Tip of the Week: International Cancer Genome Consortium

So, remember that tidal wave of data we were going to get from the human genome project?  Yeah.  That was a puddle compared to what’s coming your way now. For this week’s tip of the week I will introduce the very ambitious big data project from the International Cancer Genome Consortium (ICGC).  In addition, you’ll get your first look at the shiny new interface for BioMart!

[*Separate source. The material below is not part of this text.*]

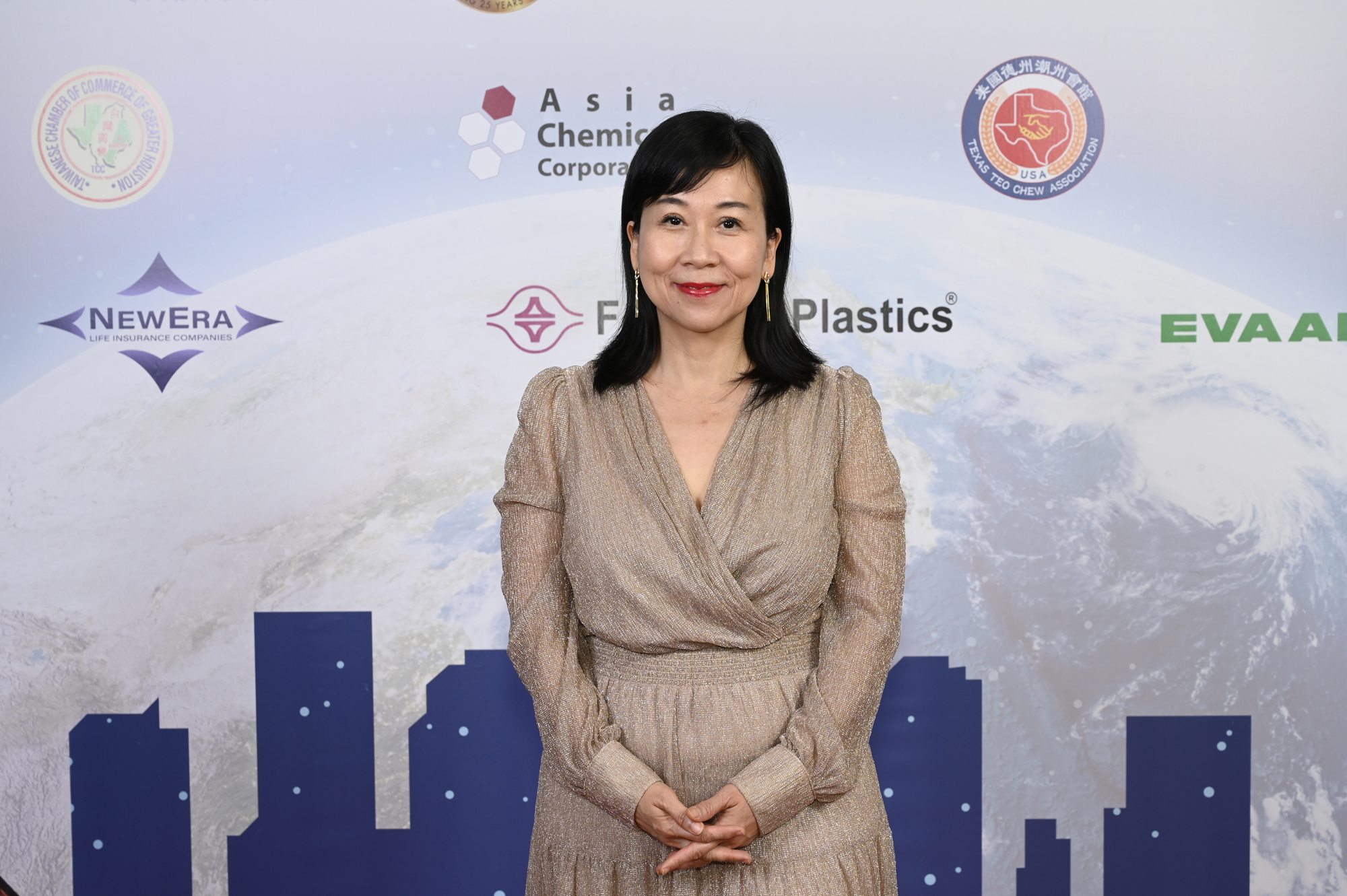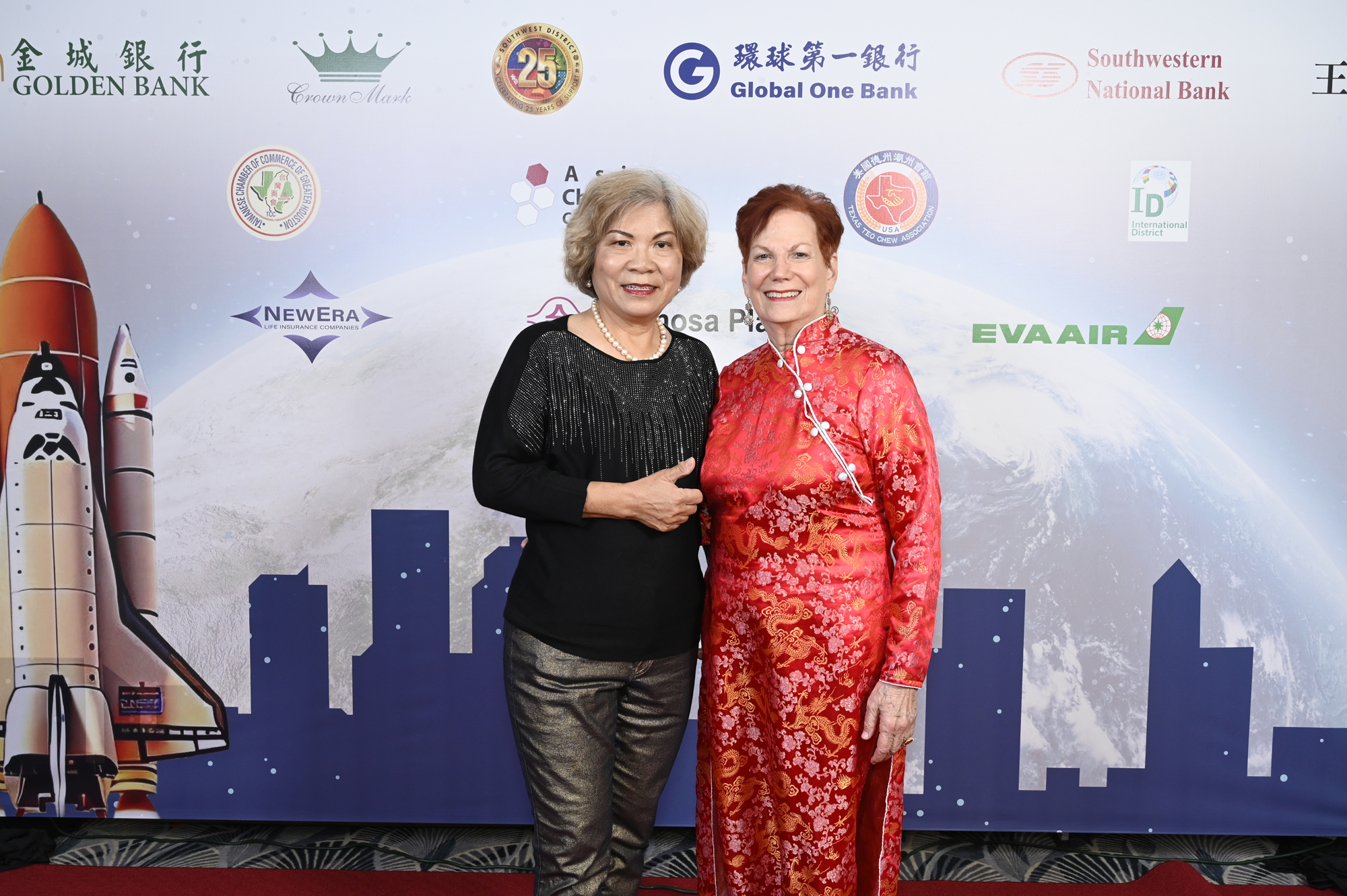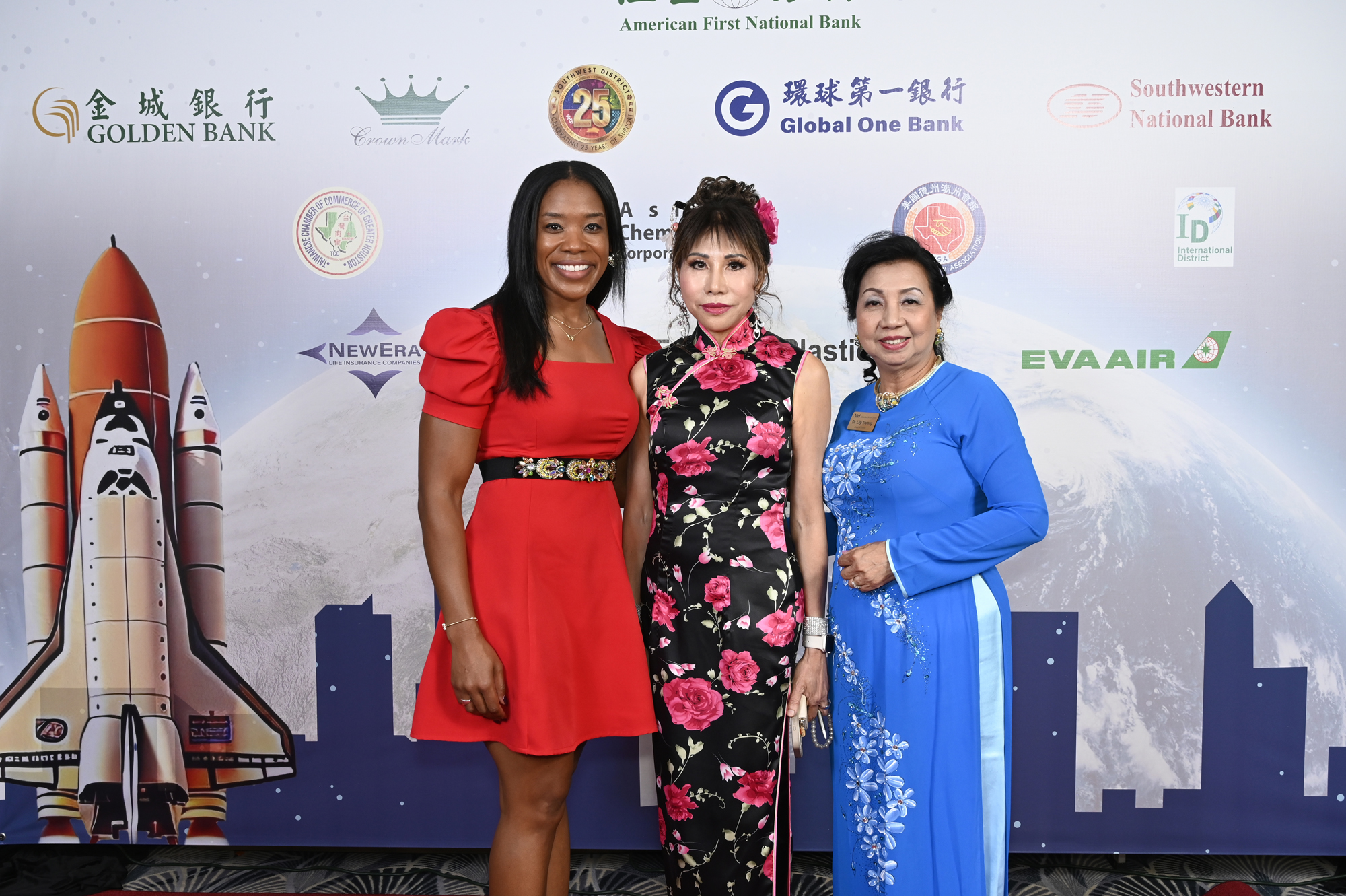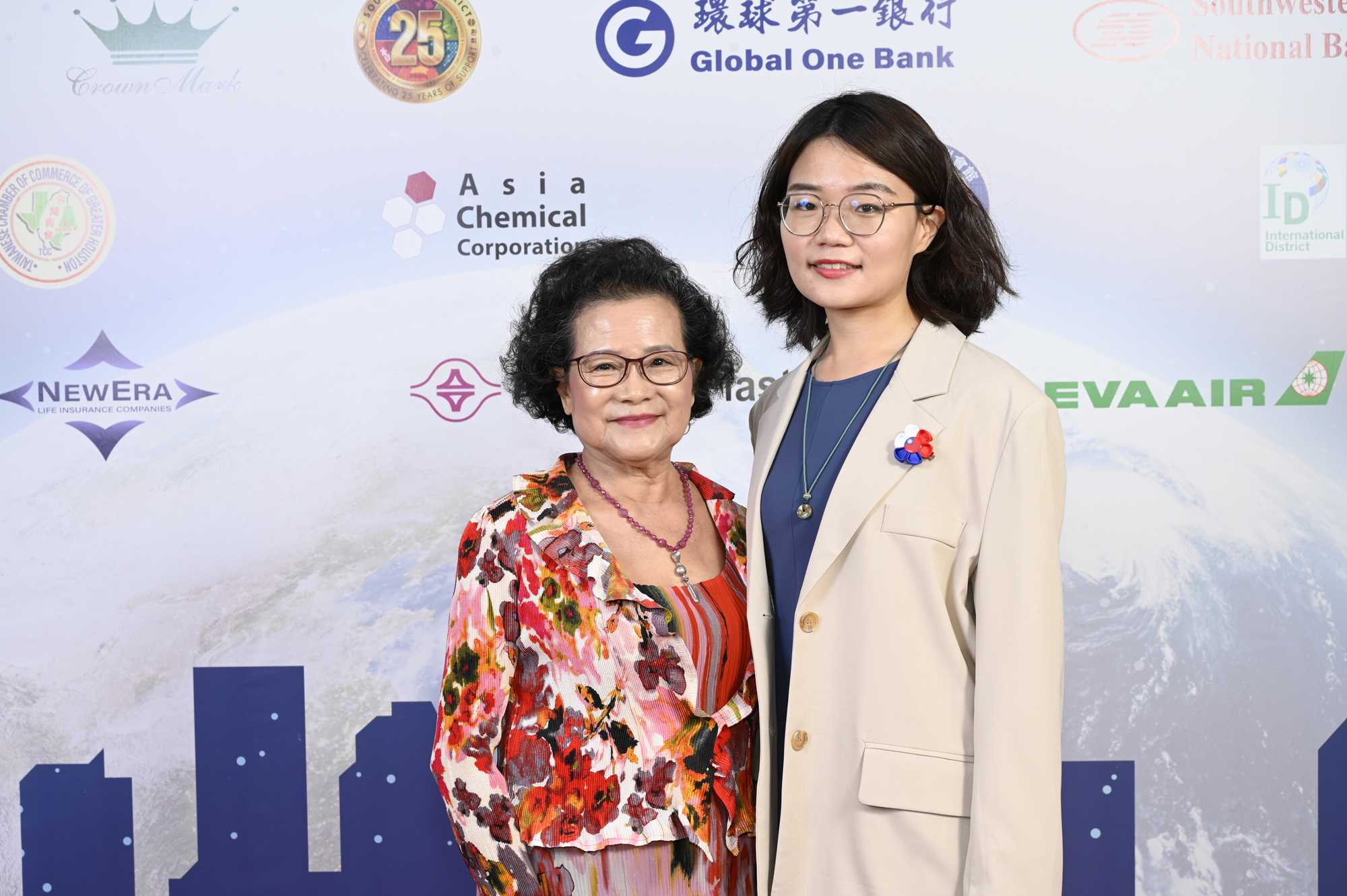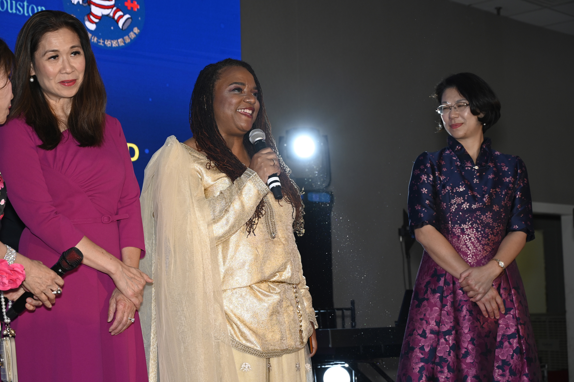 2025年國慶國慶晚宴上,蕭伊芳處長(左一)、林富桂律師(右一)陪同國慶籌備會李雄主任委員(左二)接受國會議員Al Green(右二)致贈賀狀。

People reading this blog know that we have made great progress on many fronts in the war on cancer.  But there’s an awful lot we don’t know yet.  The ICGC network of researchers plans to change that.  This international group of researchers has organized and standardized an effort to learn about tumors.  From their homepage:

ICGC Goal: To obtain a comprehensive description of genomic, transcriptomic and epigenomic changes in 50 different tumor types and/or subtypes which are of clinical and societal importance across the globe.

Check that out:

  • 50 tumor types.  Oh–and by the way–they will also obtain a normal tissue same from the same individual so you can see what’s part of the normal constitution and what has changed in the tumor.
  • Hundreds of samples of that tumor type.  Except for some rare tumors, they intend to obtain 500 of each tumor.
  • More than a dozen types of cancer. Breast, lung, brain, pancreas, liver, leukemia…and on and on.
  • Genomic. Transcriptomic. Epigenomic.  Each of these is a separate data set that needs to be obtained.  Oh, and already there are simple variations (small numbers of nucleotides), CNVs, structural re-arrangements, expression data….And that’s just the initial release.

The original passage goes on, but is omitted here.